Review: Les adieux à la reine (2012)

Les adieux à la reine (2012)

Directed by: Benoît Jacquot | 100 minutes | drama, history | Actors: Diane Kruger, Léa Seydoux, Virginie Ledoyen, Xavier Beauvois, Noémie Lvovsky, Vladimir Consigny, Julie-Marie Parmentier, Lolita Chammah, Michel Robin, Grégory Gadebois, Francis Leplay, Luc Palun

Director Benoît Jacquot took Chantal Thomas’s historical novel as a source of inspiration to create this solid drama about four days at the French court in Versailles surrounding the storming of the Bastille in 1789. Especially with the knowledge now that the French Revolution in the country brought about enormous change, the film is interesting to watch, and Jacquot cleverly responds to this by showing a lot of surprise among those in power.

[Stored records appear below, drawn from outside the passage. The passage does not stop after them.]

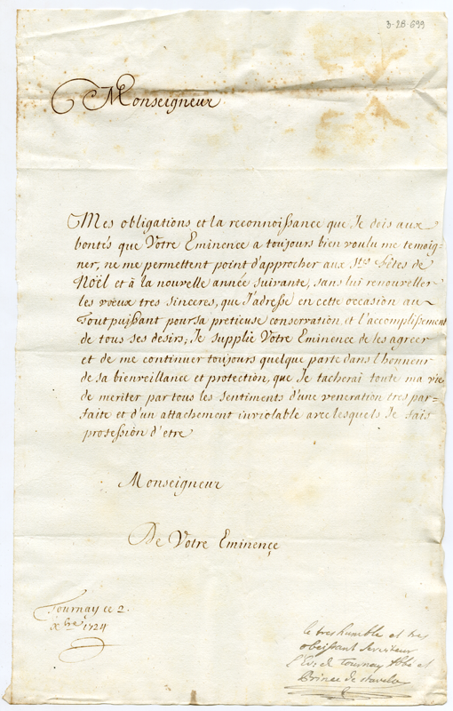 Lettera al cardinale Annibale Albani (1724 dicembre 2)
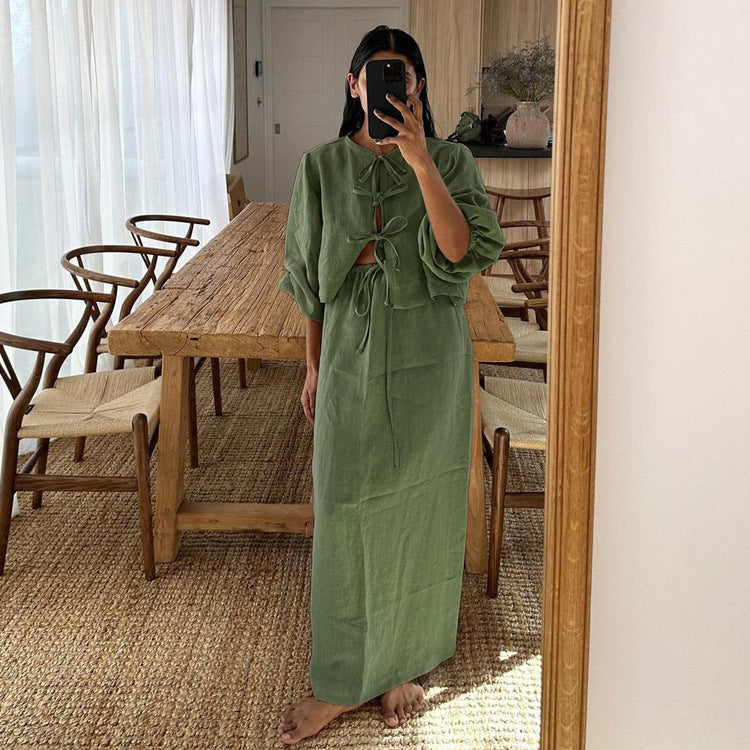 April - Zweiteiliges Leinenset mit verstellbaren Bändern
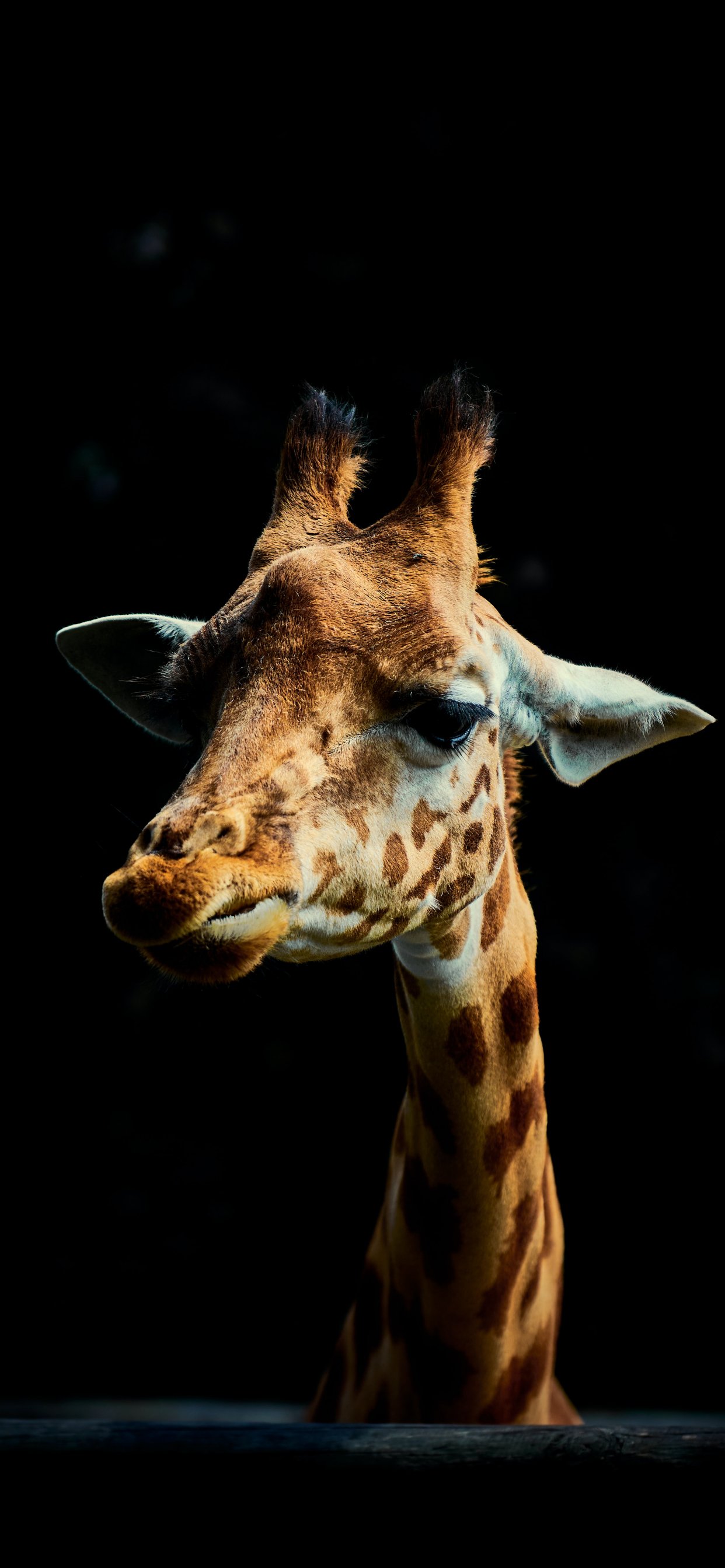Wallpaper: giraffe, on black background, wild nature - 1242x2688

Although the story of Marie Antoinette and that of Louis XIV has been filmed before, Jacquot’s version manages to distinguish itself by focusing on a reading lady of the Queen and by following the direction of the novel: four consecutive days, almost entirely in the palace at Versailles, where the nobility feels increasingly uneasy, passing through various stages of ignorance, misunderstanding and panic as the population becomes invisible but perceptibly more menacing to them.

The cast consists largely of women full of longing looks. Léa Seydoux, Diane Kruger and Virginie Ledoyen stare at each other in love throughout the film, which enhances the intensity of the whole. Moreover, most of director Jacquot’s choices have a positive effect. The lighting is subtle, but beautiful, and although the cameras wobble too much at times, there are beautiful scenes in which characters are followed through dark corridors and in flashes of candlelight, showing faces of impotence that no one at the French Court could really believe that their years of power were over.

Many filmmaker Jacquot continues his long list of successful book adaptations. Having previously visited Cannes and Venice, ‘Les adieux à la reine’ was rightly selected for Berlin. At no point does the film pretend to be more than what it is: small cinema on a large set; an intimate and at times intense portrait of people who are losing their power.